Medical Provider Liens on Georgia Personal Injury Settlements
Introduction: New Legislative Changes in Georgia
Summer is an exciting time for those of us who monitor the changes coming down from Atlanta. July 1st is when newly passed legislation becomes law in Georgia. Some of those new laws are highly publicized and debated, while others fly under the radar. One of the more inconspicuous laws to change Georgia Medical Liens. While it might seem like a dry subject, it is an important one for people who have been injured due to the negligence of others, most frequently car accident victims.
What is a Hospital Lien?
According to O.C.G.A. § 44-14-470, et seq., hospitals or physicians who treat patients seeking treatment as a result of an injury caused by another party may assert a lien for reasonable charges against the settlement funds accruing to the patient, provided they fulfill the statutory requirements. These requirements include sending notice to the tortfeasor (the at-fault party), the tortfeasor’s liability insurance carrier, and the patient, and subsequently filing a lien in the county where the healthcare provider is located and the patient’s home county. This must all be done within the prescribed time period.

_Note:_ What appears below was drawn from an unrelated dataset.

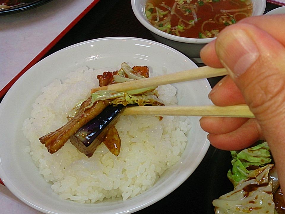 これはまた別日のかみやランチで、豚肉となす炒めライス。

Understanding the Hospital Lien Process
In essence, if you are in a car wreck and you go to a hospital for treatment, the hospital (or physician) can collect payment for the treatment from your settlement. On its face, this doesn’t sound unreasonable. It’s a mechanism by which a doctor or hospital can get paid if you receive treatment from them and there is money with which to pay them. However, it’s not that simple. There have been a number of appellate court decisions interpreting these statutes over the last couple of decades.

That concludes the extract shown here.